On this International Day for Tolerance, we are mindful of the ongoing violent attacks on innocent Darfuri civilians that prevent the full enforcement of human rights in Sudan. The legacy of former President al-Bashir’s genocidal campaign in Darfur is alive and well, and the people of Darfur are still suffering. The international community must NOT turn a blind eye to what is happening in Sudan.
As a result of al-Bashir’s systematic efforts to wipe out the ethnic African populations of Western Sudan, over 3 million people remain displaced and have been forced to live in internally displaced persons (IDPs) camps or ones located elsewhere, all with limited humanitarian assistance. We know that more than 80% of these people are women and children, with dire needs for nutrition and medical interventions exacerbated by the COVID-19 pandemic.
A countless number of women and girls have been the victims of genocidal rape by the Sudanese government and its allied militias.

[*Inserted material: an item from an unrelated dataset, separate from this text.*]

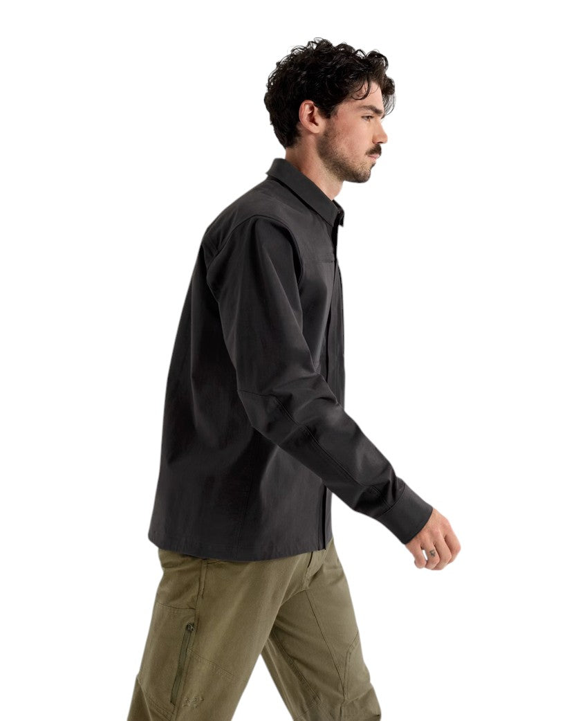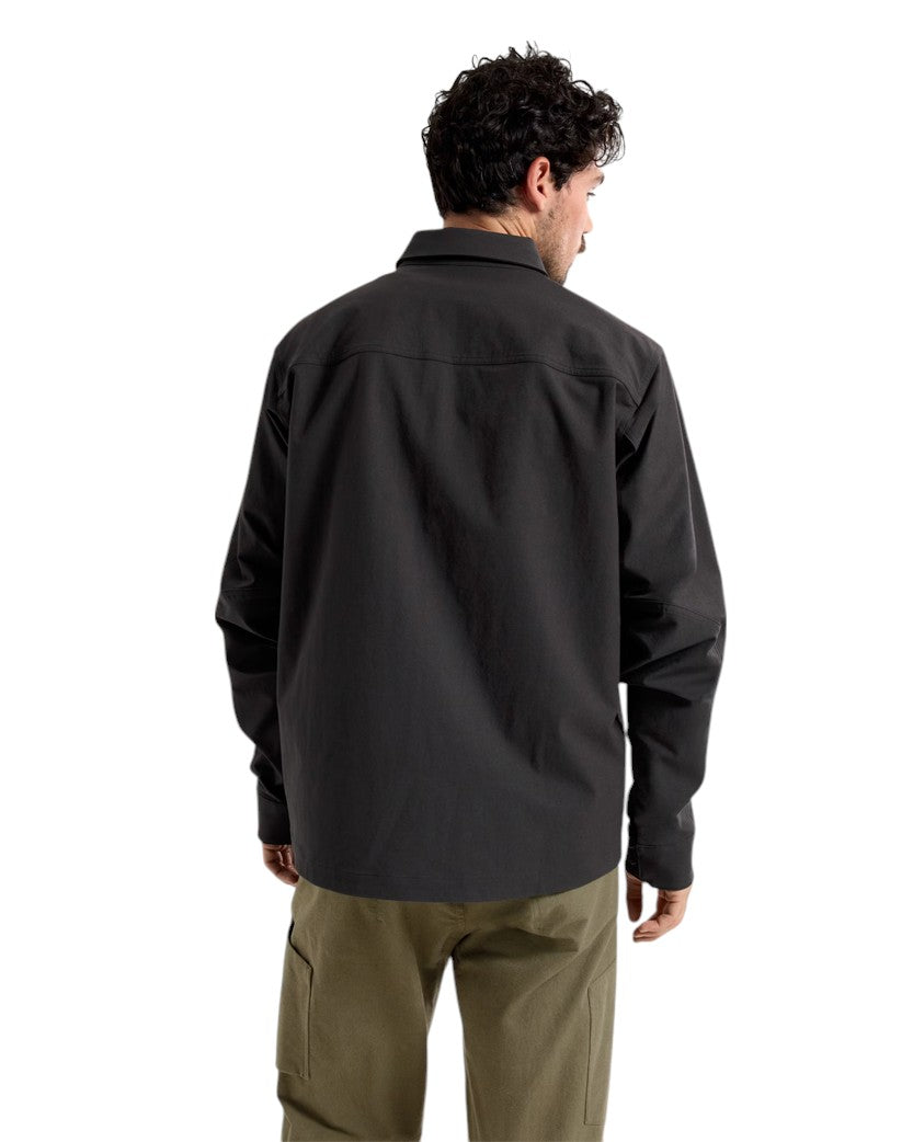 Arc'teryx Cronin Cotton Overshirt Black — щільна бавовняна сорочка з прямим кроєм і мінімалістичним дизайном. Чорний колір і накладні кишені на ґудзиках додають утилітарності, роблячи її ідеальною для міських багатошарових образів.

Due to the stigma and fear associated with rape, many have been left to suffer in silence. The failure of the international community and Sudan’s transitional government to prosecute perpetrators of sexual violence against women has created a culture of impunity for those who violate women’s rights.

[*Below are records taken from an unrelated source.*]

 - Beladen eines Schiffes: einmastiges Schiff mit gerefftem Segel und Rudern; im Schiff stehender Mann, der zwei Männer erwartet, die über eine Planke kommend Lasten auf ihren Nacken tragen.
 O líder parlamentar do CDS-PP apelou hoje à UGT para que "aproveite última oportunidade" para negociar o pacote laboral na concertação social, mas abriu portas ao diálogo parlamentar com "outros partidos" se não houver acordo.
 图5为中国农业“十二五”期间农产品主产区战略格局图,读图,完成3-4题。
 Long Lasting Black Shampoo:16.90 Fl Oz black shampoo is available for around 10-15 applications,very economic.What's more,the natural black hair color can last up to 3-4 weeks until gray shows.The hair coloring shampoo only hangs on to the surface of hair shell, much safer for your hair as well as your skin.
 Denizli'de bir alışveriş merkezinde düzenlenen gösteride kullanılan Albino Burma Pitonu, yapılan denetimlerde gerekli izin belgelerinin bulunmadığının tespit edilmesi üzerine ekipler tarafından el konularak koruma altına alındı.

No justice has been brought to the perpetrators of genocide and gender-based violence in Darfur, and al-Bashir has not been held accountable, despite ICC warrants for his arrest. Even after his removal from power in 2019, following mass protests in Sudan, military commanders from his regime were included in the new transitional government. In order to establish a future of accountability and justice, the interim government of Sudan must immediately remove all those accused of genocide from power and prosecute them for their crimes in Darfur.
Alarmingly, ongoing attacks by government forces and police across the Darfur region continue to displace innocent civilians. Women and girls are at significant risk of gender-based violence, and rape prevails as a tactic of these violent attacks on villages or IDP camps. We at DWAG are extremely worried about the removal of UNAMID peacekeeping troops at the end of the year, which will be replaced by government-led soldiers that are completely incapable of protecting civilians from harm and still continue to violate human rights in Darfur.
Tolerance is a first step in building long-lasting peace in Sudan, by fostering mutual understandings among different communities and government entities. The people of Darfur were singled out for systematic killing specifically because of their identity. The former government also targeted people of different faiths by attacking Christians from the Nuba Mountains and South Sudan. It is imperative that peace in Sudan first starts with promoting a culture of tolerance and acceptance of its diverse population.
Today and every day, let us be a voice for the women of Darfur, empower survivors, and seek justice for victims of gender-based violence and genocide. We thank our supporters for their tireless efforts to raise awareness of the situation in Darfur. With your help, we can make strides towards comprehensive peace and justice in Sudan and pressure the international community to act.